Buzz Frenzy, LLC (“Buzz Frenzy,” “we” or “us”) provides marketing products and services for small businesses (the “Service” or “Services”). These Terms of Services (the “Terms of Service”) govern the relationship between the Client purchasing the Services (the “Client”, or “you”) and Buzz Frenzy (collectively the “Parties” or individually a “Party”). These Terms of Service are effective upon purchase of Services (the “Effective Date”), and remain in effect until terminated as provided below. These Terms of Service may be reviewed at any time at buzzfrenzy.com/terms.
PLEASE REVIEW THIS AGREEMENT CAREFULLY. BY ACCEPTING THESE TERMS YOU AGREE THAT YOU HAVE READ, UNDERSTOOD AND AGREE TO BE BOUND BY THESE TERMS OF SERVICE, WHICH CONTAIN, AMONG OTHER PROVISIONS, DISPUTE RESOLUTION PROVISIONS, A WAIVER OF CLASS-ACTION RIGHTS AND LIMITATIONS OF LIABILITY. UNLESS OTHERWISE EXPRESSLY STATED, BUZZ FRENZY, LLC DISCLAIMS ANY AND ALL WARRANTIES WHETHER PROVIDED BY THE COMPANY, ITS AFFILIATES, OR ITS RESPECTIVE EMPLOYEES AND AGENTS.
1. Marketing Services:
a. Platform: Buzz Frenzy grants Client access to the Buzz Frenzy web-based software platform. Service includes, but is not limited to, Social Media Amplification. These Services are available for all Buzz Frenzy accounts. Buzz Frenzy will provide the Services outlined by these Terms of Service.
b. License to Access: For so long as the Agreement is in effect and your account is in good standing, you will be granted a revocable, non-transferable, non-sublicenseable, non-exclusive limited license to access the Buzz Frenzy platform. Your access shall be password protected and you acknowledge that you shall not share your password or otherwise provide access to third parties. You acknowledge and agree that you do not have, nor will you claim any right, title or interest in Buzz Frenzy, the platform, software, data, applications, methods of doing business or any other content provided through Buzz Frenzy. You may only access Buzz Frenzy via a web browser or mobile application. You will not attempt to reverse engineer, alter or modify Buzz Frenzy in any way. Buzz Frenzy may terminate the foregoing license if it determines, in its sole discretion, that you have violated the provisions of this license.

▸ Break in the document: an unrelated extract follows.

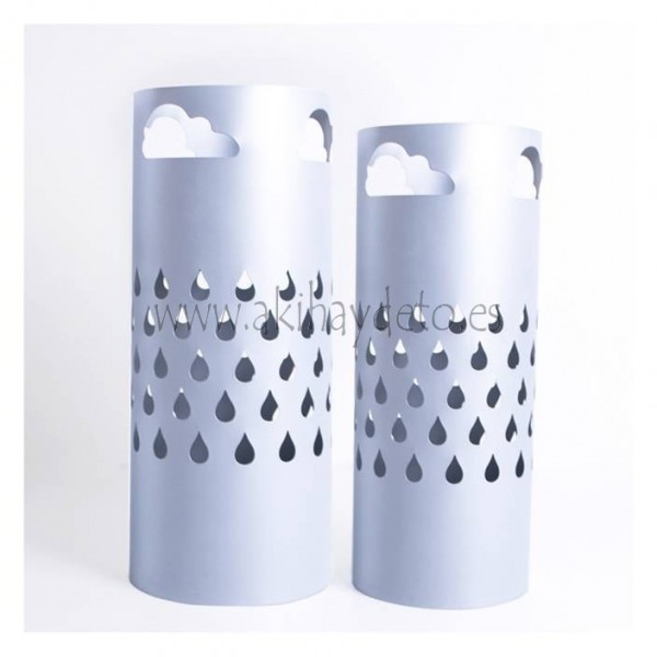 Set de 2 paragüeros de metal calado "gotas", 20 cm. de diámetro, 49 cm. de altura (grande). Color gris claro.

c. Tiered Service: Buzz Frenzy provides three tiers of Service based on media spend: Loud – the smallest, Louder – small to mid level, Loudest – mid to large level, and Frenzy, the largest. Client may switch their tier of Service once per billing cycle at any time during the life of this Agreement. Any change to tier of service will become effective on the first day of the next billing cycle.
d. Facebook Posts: Buzz Frenzy does not create or modify Client’s Facebook posts nor any other form of creative on behalf of the Client. Client is responsible for creating, editing, approving all text, pictures, video, or other media posts being amplified through Buzz Frenzy.
e. Amplification: Amplification of Client’s Facebook posts happen when Client includes their chosen hashtag in their post. Amplification is based on a number of factors, and cannot be guaranteed. Facebook, at its sole discretion, may reject a Client post for amplification. Any rejected post will not be amplified. Buzz Frenzy may or may not notify Client of any such rejection. No rejected post will incur any charges against the Client’s account. 100% of Client’s monthly Amplification budget will be used in the current billing cycle. In the event Client does not Amplify any post in a billing cycle, any unused budget will not roll over into the next billing cycle, and will not be refunded. Client agrees to forfeit any unused budget amounts in any billing cycle. You may log into the Buzz Frenzy platform at any time to track the results of your posts Amplification.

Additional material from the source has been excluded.